Diagonalizable matrices A and B with $\mathrm{Tr}(A^k)=\mathrm{Tr}(B^k)$ have the same characteristic polynomial?

The equalities $\text{Tr}(A^k)=\text{Tr}(B^k)$ for all $k$ imply that $\text{Tr}(P(A))=\text{Tr}(P(B))$ for all polynomials $P$.

Let $\lambda$ be an eigenvalue of $A$. If $\lambda$ is not an eigenvalue of $B$, then we can choose a polynomial such that $P(\lambda)=1$, and $P(\mu)=0$ for every other eigenvalue of $A$ and all eigenvalues of $B$. Then we would get $\text{Tr}(P(A))>0$, $\text{Tr}(P(B))=0$, a contradiction. This reasoning implies that $A$ and $B$ have the same lists of eigenvalues. And they have to appear with the same multipliticites: because if $\lambda$ is an eigenvalue of $A$ with multiplicity $n$ and of $B$ with multiplicity $m$, then choosing $P$ with $P(\lambda)=1$ and $P=0$ on all other eigenvalues we have $$ n=\text{Tr}(P(A))=\text{Tr}(P(B))=m. $$ So $A,B$ have the same eigenvalues, with the same multiplicities. In particular, they have the same characteristic polynomial.

Edit: of course, as user1551 points out in his answer, my answer only works for fields where polynomials separate points.


The statement is false. Consider $A=I_2$ and $B=0$ over $GF(2)$, the field with two elements $1$ and $0$ (with $1+1=0$). Both $A$ and $B$ are diagonal matrices, hence diagonalisable. Also, $\newcommand{\tr}{\operatorname{tr}}\tr(A^k)=\tr(I_2)=1+1=0=\tr(B^k)$ for every positive integer $k$. Yet $A$ and $B$ are not similar to each other. Similar counterexamples apply to other fields and other dimensions when $\tr(I_n)=0$.

The statement is true when the underlying field is infinite. See Martin's or Igor's answers. Martin's answer does not work in all finite fields because we can have $\tr(P(A))=0$ even when $P(A)=I$. Igor's answer does not work in all finite fields because writing the characteristic polynomial of a matrix $X$ in terms of $\tr(X^k)$ requires integer division, which can fail when the field is finite. To illustrate, consider the characteristic polynomial of a $2\times2$ matrix $X$ with eigenvalues $\lambda_1$ and $\lambda_2$. The characteristic polynomial is $x^2 - (\lambda_1+\lambda_2) + \lambda_1\lambda_2$. Formally, $$ \lambda_1\lambda_2 = \frac12\left[(\lambda_1+\lambda_2)^2 - (\lambda_1^2+\lambda_2^2)\right] = \frac12\left( \tr(X)^2 - \tr(X^2) \right), $$ but you cannot divide by $2$ over $GF(2)$ because $2=0$.

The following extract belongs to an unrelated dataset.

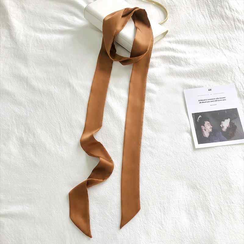 スカーフ 細スカーフ バッグ飾り ヘアバンド シルク調 接触冷感 無地 紫色 銀色 黄緑色 肌色 オレンジ ピンク系 レッド ブルー ブラック ダークブラウン グリーン エメラルドグリーン カーキ シャンパン色 秋香緑 オフホワイト ローズレッド イエロ

Since the elementary symmetric functions can expressed through power symmetric functions (in a completely algorithmic way), and the power symmetric functions of the eigenvalues are precisely the traces of $A^k,$ while the elementary symmetric functions are the coefficients of the characteristic polynomial, we are done. What is amusing is that the Newton relations can be proved from the Cayley-Hamilton theorem by taking traces.